The behavioral responses exerted by spinal administration of the opioid-neurotensin hybrid peptide, PK23, were studied in adult male rats. The antinociceptive effect upon exposure to a thermal stimulus, as well as tolerance development, was assessed in an acute pain model. The PK23 chimera at a dose of 10 nmol/rat produced a potent pain-relieving effect, especially after its intrathecal administration. Compared with intrathecal morphine, this novel compound was found to possess a favourable side effect profile characterized by a reduced scratch reflex, delayed development of analgesic tolerance or an absence of motor impairments when given in the same manner, though some animals died following barrel rotation as a result of its i.c.v. administration (in particular at doses higher than 10 nmol/rat). Nonetheless, these results suggest the potential use of hybrid compounds encompassing both opioid and neurotensin structural fragments in pain management. This highlights the enormous potential of synthetic neurotensin analogues as promising future analgesics.
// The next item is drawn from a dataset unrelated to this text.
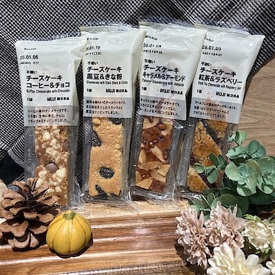【アル・プラザ金沢】今週の試食|不揃いチーズケーキ コーヒー&チョコ/黒豆&きな粉 ・ キャラメル&アーモンド/紅茶&ラズベリー
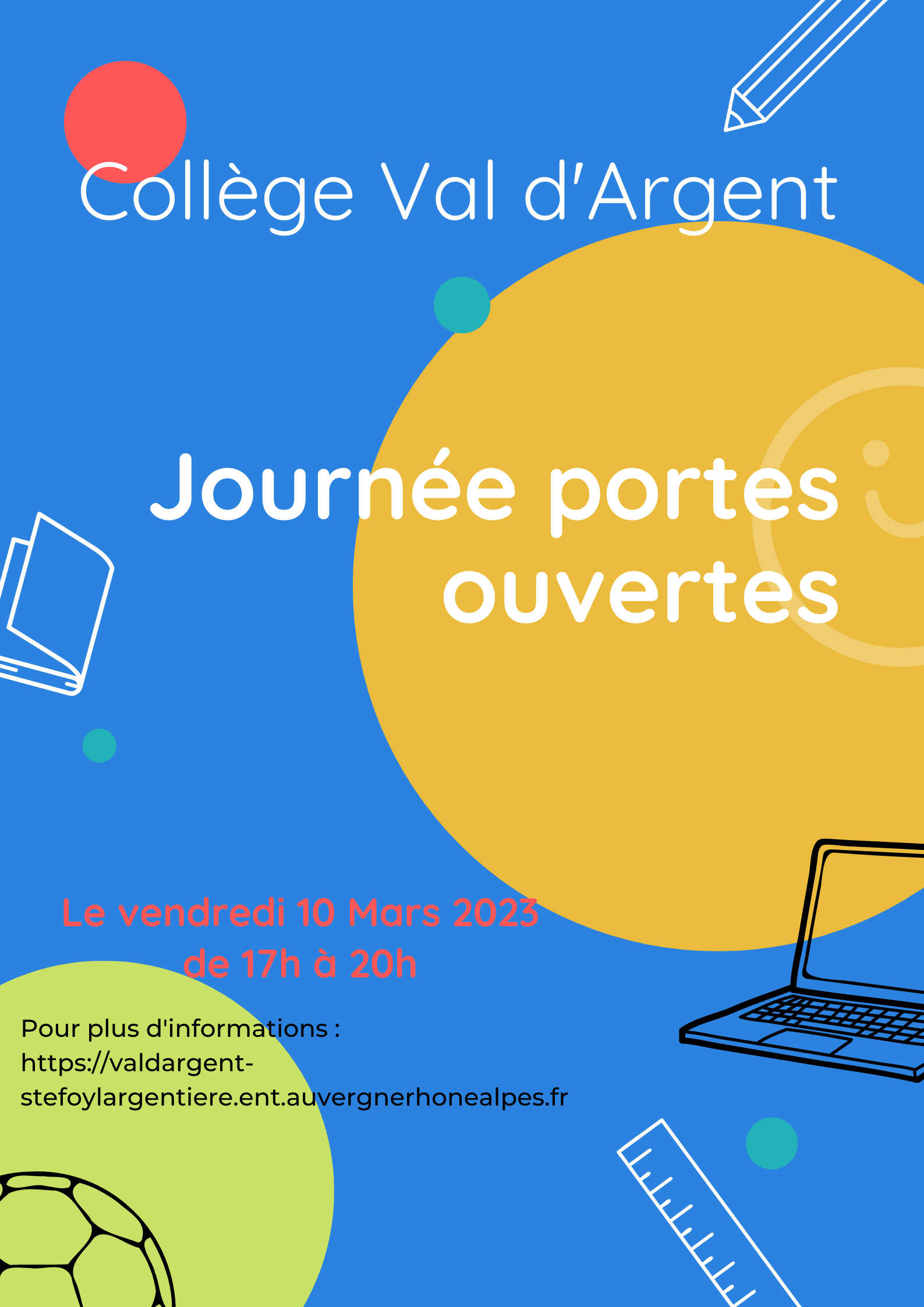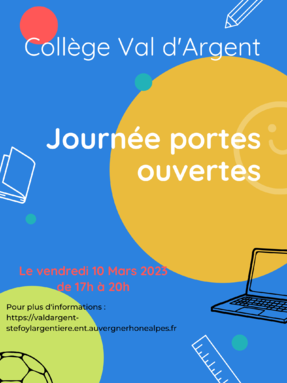Le vendredi 10 Mars de 17h à 20h, le collège propose aux parents de venir découvrir le collège Val d'argent. En cliquant sur le lien, vous retrouverez la plaquette de présentation du collège : Plaquette du collège

在成年雄性大鼠中研究了脊髓施用阿片类药物-神经降压素杂合肽PK23所产生的行为反应。在急性疼痛模型中评估了暴露于热刺激后的抗伤害感受作用以及耐受性的发展。剂量为10 nmol /大鼠的PK23嵌合体可产生有效的止痛作用，尤其是在鞘内给药后。与鞘内吗啡相比，发现这种新型化合物具有良好的副作用，其特征在于以相同的方式给药时，划痕反射减少，镇痛耐受性延迟发展或无运动障碍，尽管有些动物在旋转时因旋转而死亡。 icv给药的结果（尤其是剂量高于10 nmol /大鼠）。尽管如此，这些结果表明，包含阿片样物质和神经降压素结构片段的杂合化合物在疼痛治疗中的潜在用途。这突出了合成神经降压素类似物作为有希望的未来镇痛药的巨大潜力。